对于最后一维（d2=5），从一个元素到下一个元素的步幅就是 1（即每个元素之间的内存间隔是 1 字节）。

对于倒数第二维（d1=4），要从当前维度的一个元素跳到下一个元素，需要跨越 5 个元素（因为 size $d2$ = 5），每个元素占用 1 字节。所以步幅是 5。

对于第一维（d0=3），要从当前维度的一个元素跳到下一个元素，需要跨越 4 * 5 = 20 个元素（因为 size $d1$ = 4 和 size $d2$ = 5）。因此，步幅是 20。

stride $2$ = 1

stride $1$ = stride $2$ * size $2$ = 1 * 5 = 5

stride $0$ = stride $1$ * size $1$ = 5 * 4 = 20

综上所述：张量X的的步幅为(20, 5, 1)

代码示例1：

python 复制代码

import torch
import copy

a = torch.arange(9).reshape(3,3)

print("a:", a)
print("shape of a:", a.size())
print("stride of a:", a.stride())

代码输出：

bash 复制代码

a: tensor([[0, 1, 2],
        [3, 4, 5],
        [6, 7, 8]])
shape of a: torch.Size([3, 3])
stride of a: (3, 1)

将结果带入stride[i] = stride[i+1] * size[i+1]中，满足连续性条件

代码示例2：

接下来，我们看将a转置后的结果：

python 复制代码

import torch
import copy

a = torch.arange(9).reshape(3,3)
b = a.permute(1, 0) # 对a进行转置

print("b:", b)
print("shape of b:", b.size())
print("stride if b:", b.stride())

代码输出：

bash 复制代码

b: tensor([[0, 3, 6],
        [1, 4, 7],
        [2, 5, 8]])
shape of b: torch.Size([3, 3])
stride if b: (1, 3)

发现将a进行转置后，结果不成立，因此就不满足连续性条件，无法使用view()操作

代码示例3：

我们查看一下转置前后的代码存储区有什么区别

python 复制代码

import torch
a = torch.arange(9).reshape(3, 3)             # 初始化张量a
print('ptr of storage of a: ', a.storage().data_ptr())  # 查看a的storage区的地址
print('storage of a: \n', a.storage())        # 查看a的storage区的数据存放形式
b = a.permute(1, 0)                           # 转置
print('ptr of storage of b: ', b.storage().data_ptr())  # 查看b的storage区的地址
print('storage of b: \n', b.storage())        # 查看b的storage区的数据存放形式

代码输出：

bash 复制代码

ptr of storage of a:  1421123582720
storage of a:
  0
 1
 2
 3
 4
 5
 6
 7
 8
[torch.storage.TypedStorage(dtype=torch.int64, device=cpu) of size 9]
ptr of storage of b:  1421123582720
storage of b:
  0
 1
 2
 3
 4
 5
 6
 7
 8
[torch.storage.TypedStorage(dtype=torch.int64, device=cpu) of size 9]

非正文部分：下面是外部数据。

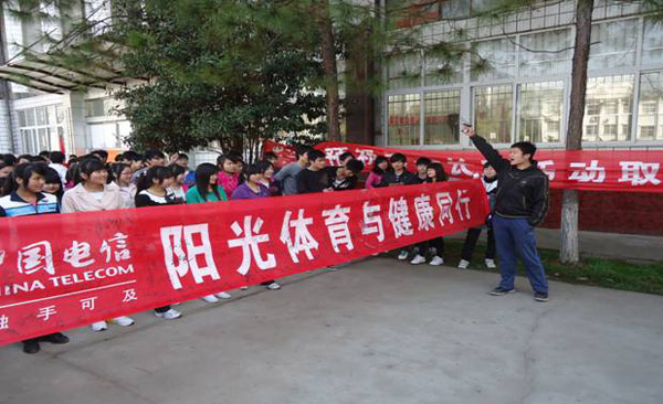 启动仪式上,公共课部教师、健美操协会指导老师左利亚向全校师生宣传了此次春季长跑活动的意义,并号召全校师生都积极参与到“阳光体育”春季长跑活动中去。随后,学生代表宣读了此次活动的倡议书,倡议全体学生树立“健康第一”的理念,以饱满的热情投入到阳光体育运动中来,强健体魄,锻炼意志。师生们纷纷在“阳光体育与全民健身同行”横幅上签名,以表决心。随着一声发令枪响,同学们高喊“阳光体育与健康同行”的口号拉开了“阳光体育”春季跑步锻炼的序幕。

因此可以看出，张量a,b仍然共用存储区，并且存储区数据存放的顺序没有发生变化，张量b只是改变了数据索引方式，为什么b不符合连续性条件呢？转置后的tensor只是对storage区数据索引方式的重映射，但原始的存放方式并没有变化.因此，这时再看tensor b的stride，从b第一行的元素1到第二行的元素2，显然在索引方式上已经不是原来+1了，而是变成了新的+3了。所以这时候就不能用view来对b进行shape的改变了，不然就报错。

这种情况下，直接用view不行，先用contiguous()方法将原始tensor转换为满足连续条件的tensor，在使用view进行shape变换，原理是contiguous()方法开辟了一个新的存储区给b，并改变了b原始存储区数据的存放顺序

4.1.2 （2）contiguous() 的作用

contiguous() 是一个重要的函数，它会返回一个连续内存的张量副本，确保数据按内存顺序排列。如果原张量的数据布局不是连续的，那么通过 view() 创建视图时，可能会导致数据访问不正确（因为内存中的元素顺序不符合预期）。此时，需要先调用 contiguous() 来确保数据是连续的，然后再进行 view() 操作。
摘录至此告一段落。